In contrastive learning, theoretically, the more negative pairs, the better the comparison between pairs. ESimCSE also followed this idea, but instead of directly forcing the large batch size, it maintained a queue, reused the coding embedding immediately preceding the mini-batch to extend the negative pair, and used a momentum encoder. The specific method is: since the queued sentence embedding comes from the previous mini-batch, you can take the moving average of its parameters to maintain the momentum update model, and use the momentum model to generate the queued sentence embedding. When using a momentum encoder, turn off dropout to close the gap between training and prediction. The parameters of the encoder and the momentum update The parameters of the encoder are updated, calculated according to the following formula:

is the momentum coefficient parameter. Note that only parameters are updated through backpropagation. We introduce here to generate sentence embeddings for queues, because momentum updates can make the ratio more stable than evolution. Therefore, although embeddings in the queue are encoded by different encoders (in different "steps" during training), the differences between these encoders can be minimal.

CoSENT

Early Sentence-BERT had problems with training, prediction inconsistencies, and tuning difficulties. However, if the prediction target COS value is directly optimized, the effect is often particularly poor. Isn't there a way to directly optimize the COS value?

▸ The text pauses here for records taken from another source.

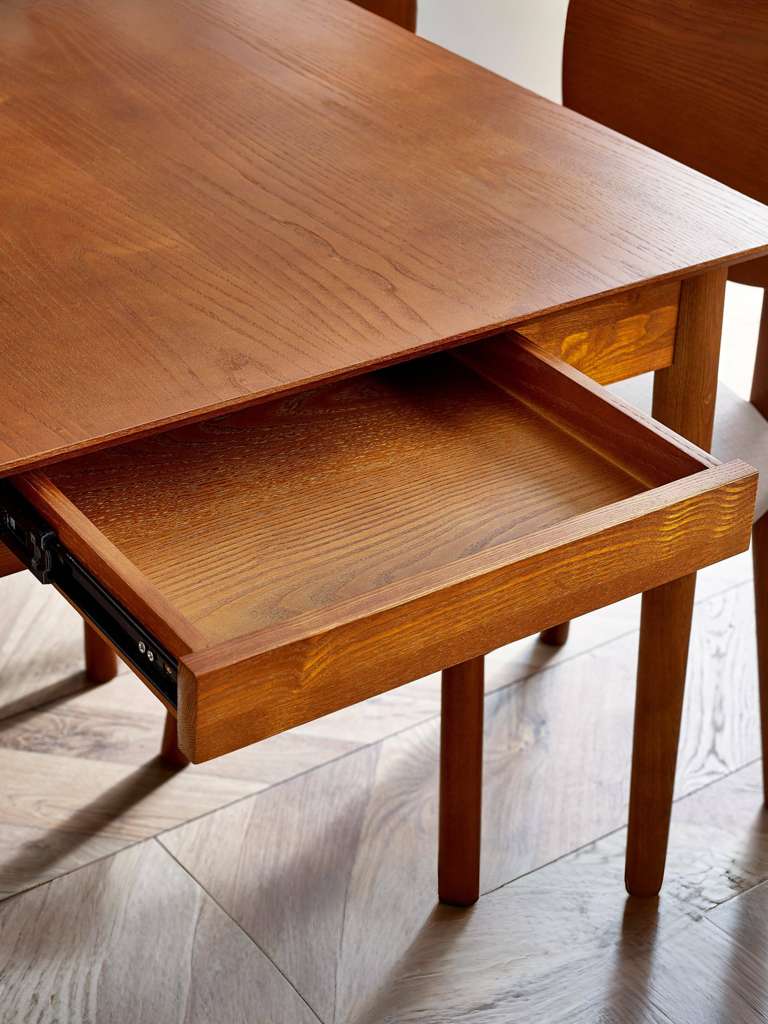 A gorgeous retro-inspired style, the Lowry Extending Dining Table is constructed from an exquisite cherry ash wood veneer, complemented by beautifully slender legs to create an effortless look for any dining room space. It features two stunning push-open drawers and an ideal extension system creating the perfect storage space for any essentials.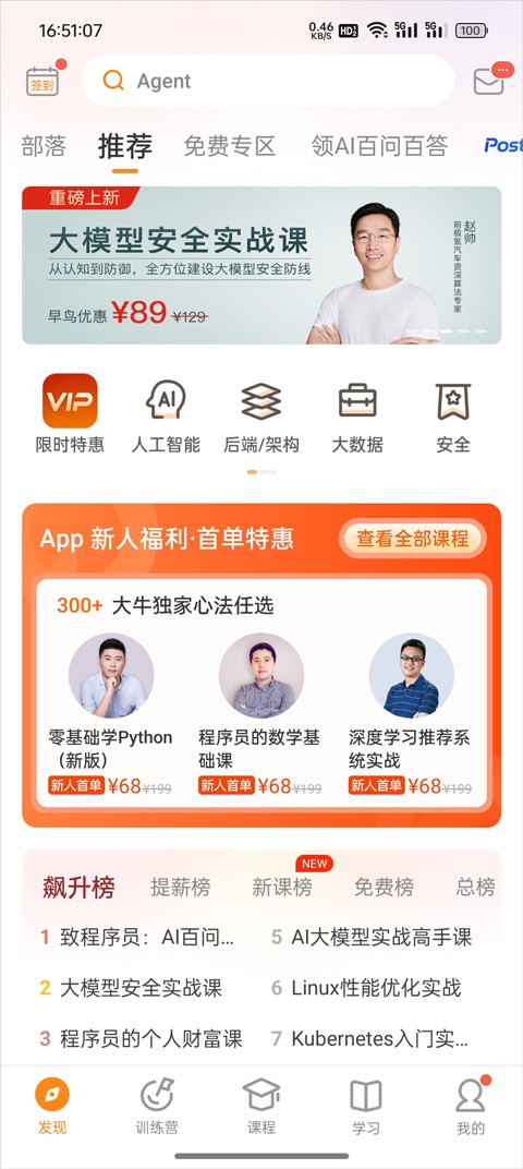 极客时间是一款学习软件,专门给IT专业用户打造,可以看到各种各样的科技数据,软件有系统课程、技术资讯、交流社区等多个板块,还有线上讲座、录播课程、互动问答等内容,和精品专栏、极客新闻、热点专题等,提供一站式数字化技术学习平台,软件还会根据你的岗位给你定制学习路径,200+热门课程等你学,高效的管理系统,还有专业的学习服务。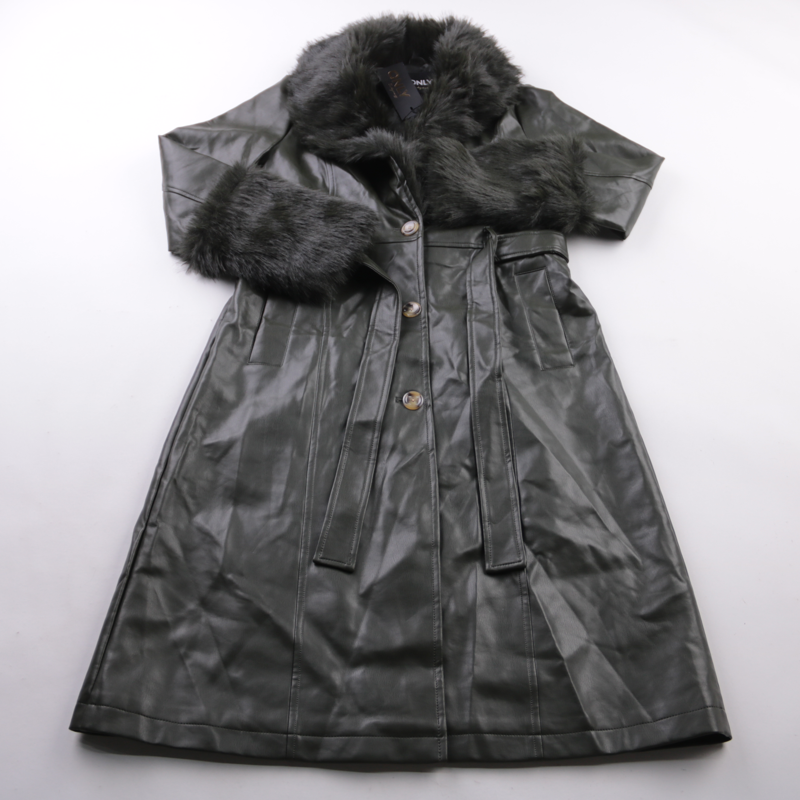 Женское пальто Only из эко-кожи с объёмным меховым воротником и поясом. Подойдёт для прохладной осени и тёплой зимы, хорошо смотрится и с джинсами, и с платьем. Практичный материал легко протирать, а пояс помогает подчеркнуть талию.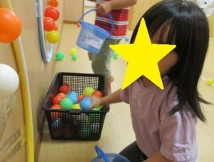 集めたボールは先生の持っていた大きな袋に入れたりも♪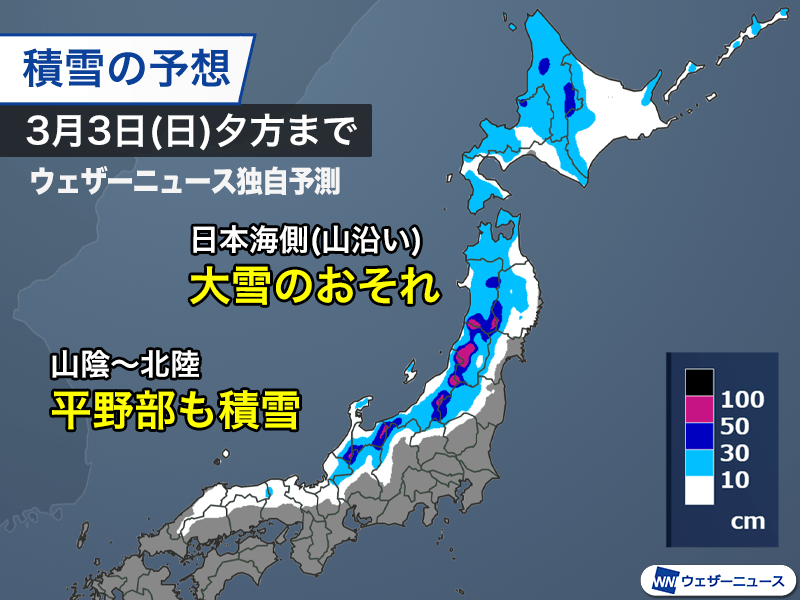 3日(日)夕方にかけての48時間に新たに積もる雪の量は、北陸や東北の山間部で最大50cm以上、内陸部や山沿いの広い範囲で10〜30cmに達する予想となっています。山陰や近畿北部、北陸の平野部でも雪が積もる見込みです。

Fortunately, the answer is no. Professor Su Jianlin proposed a CoSENT scheme, a loss function that optimizes the cos value:

Denoted that all sets of positive sample pairs and all sets of negative sample pairs , then we want to have both positive and negative pair pairs

where are their respective sentence vectors. To put it bluntly, we only want the similarity of positive sample pairs to be greater than the similarity of negative sample pairs, and as for how much larger, the model decides for itself. In fact, Spearman, a common measure of semantic similarity, is the same, which relies only on the relative order of predicted results, not on specific values.

For such needs, you can use the formula in Circle Loss theory as a solution:

Simply put, if you want to achieve it eventually, then add an item to the log. Corresponding to our scenario here, we can get the loss function:

where is a hyperparameter. The above formula is essentially a loss function designed for sorting, and the same applies to multi-categorical data, written in a more general form:

That is, as long as we think that the true similarity of the sample to (i,j) should be greater than the true similarity of (k,l), we can add it to the log; In other words, as long as we can design the order for the sample pair, we can use the CoSENT scheme.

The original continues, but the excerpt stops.